シューマン ピアノ協奏曲 続・名盤 ~リヒテルとグリモーの名演奏~

シューマンのピアノ協奏曲はロマン派らしい名曲だとは思うのですが、意外と演奏は難しく思います。というのは、ピアノが頑張れば何とでもなる古典派の曲とは違って、オーケストラの響きにも深い陰影が求められるからです。その典型がブラームスでありシューマンです。

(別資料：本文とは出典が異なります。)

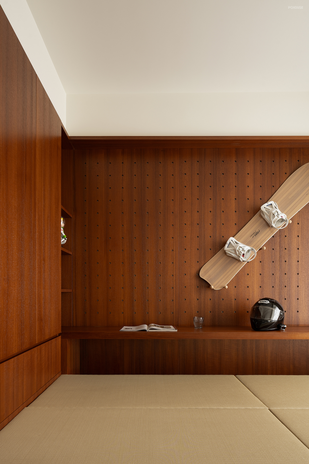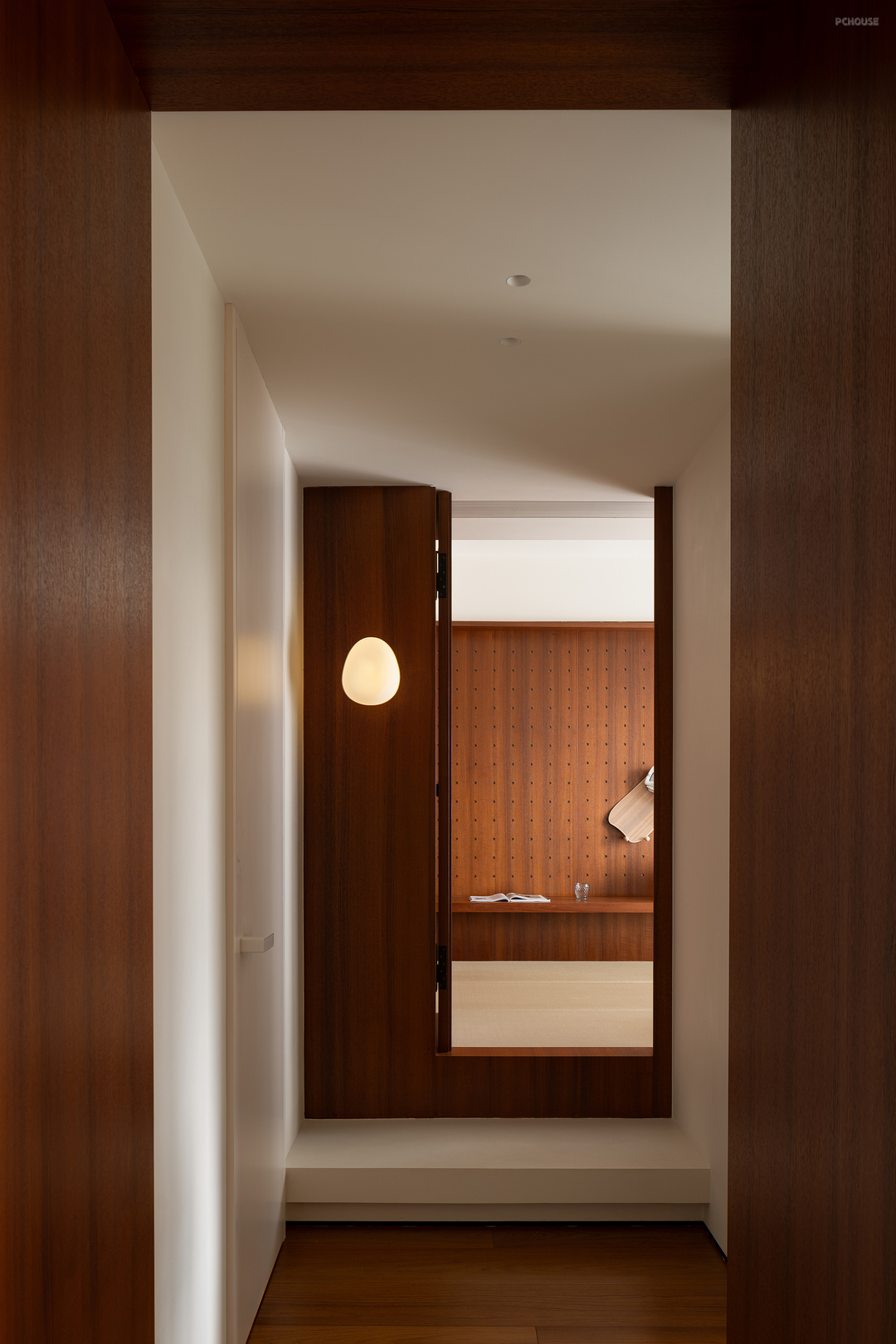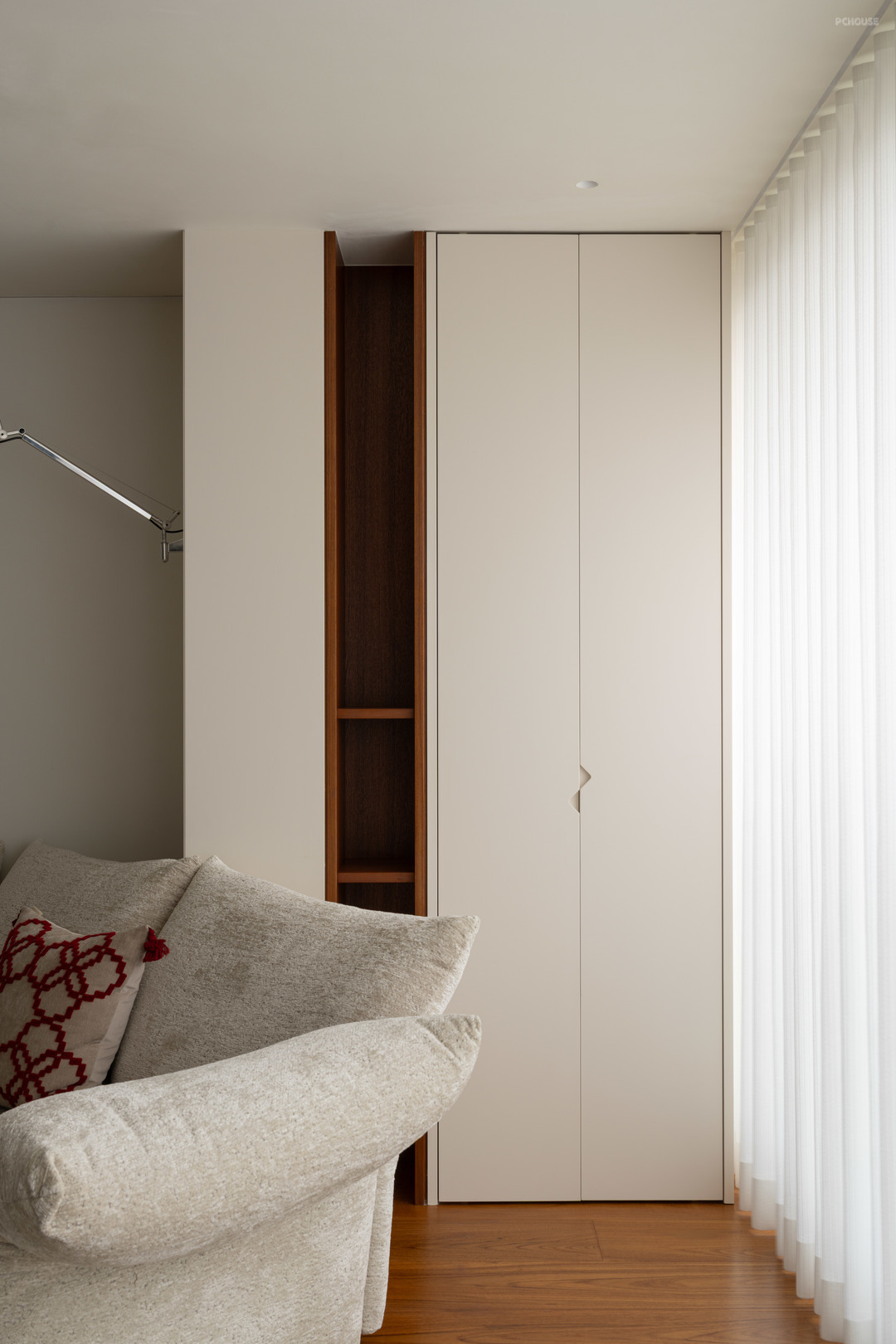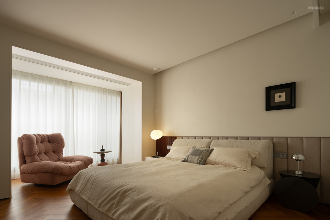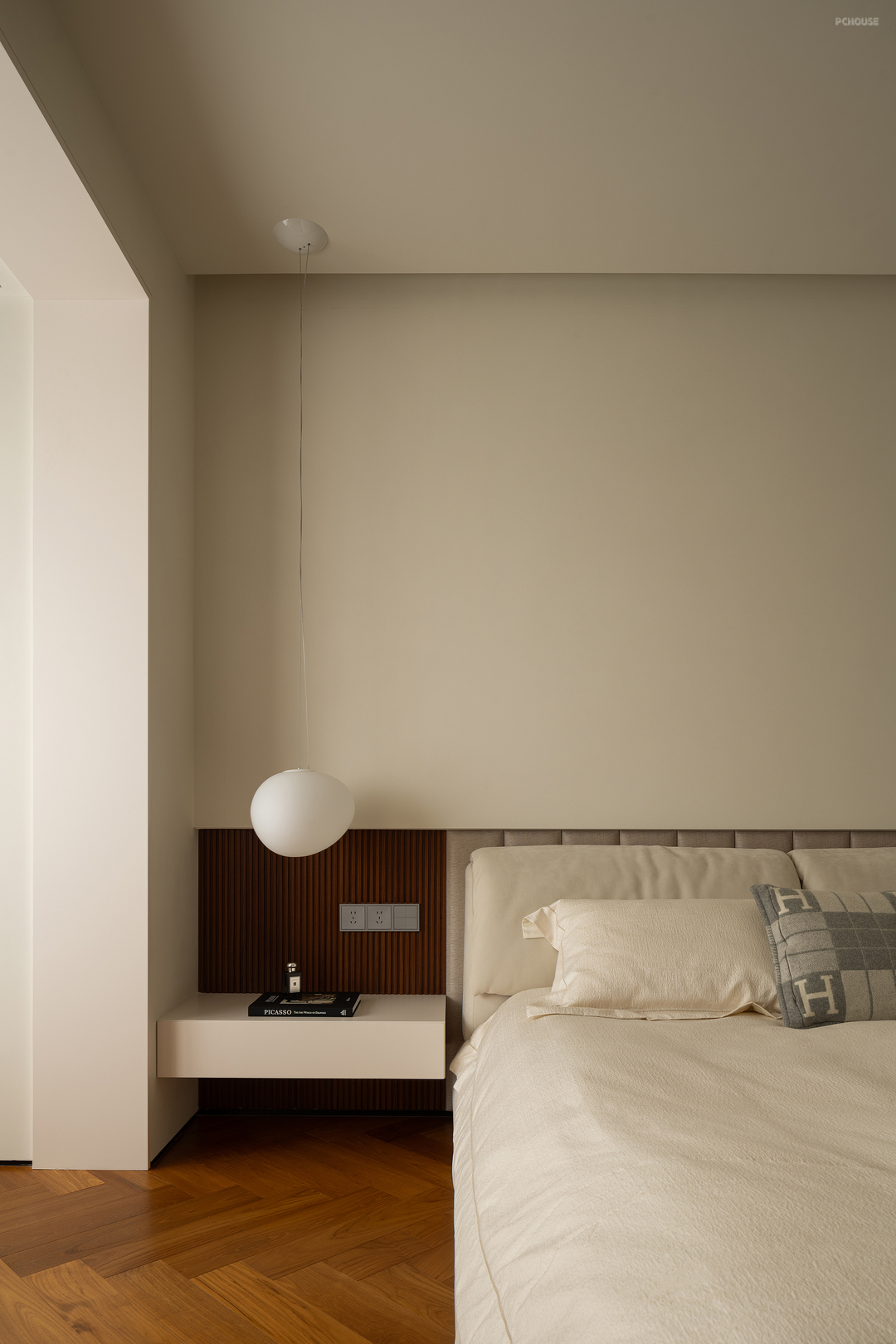 双开门主卧入口,木质元素延续中古,法式风格的艺术画作点缀,睡前的静谧、晨起的舒展,都在这融合风格里被温柔承接。

オーケストラの深い響きに支えられて、始めてピアノは演奏の舞台を得られるのですが、この曲では結構退屈してしまう場合が多いです。この曲に心の底から感動できる演奏というのは、考えてみたらディヌ・リパッティ/アンセルメ盤ぐらいかもしれません。不治の病魔に侵されて残り少ない命の炎を燃やしながら、高熱にもかかわらずピアノに向かった、あの伝説のコンサートです。アルフレッド・コルトーやマルタ・アルゲリッチらの雄弁な演奏も印象的でしたが、それでもリパッティの感動には到底及ぶところでありません。

そのような訳から、この曲の新しい演奏にも興味が湧くことが少なくなってしまいましたが、ところがどっこい、二つの素晴らしい演奏に出会いました。今回はそれをご紹介します。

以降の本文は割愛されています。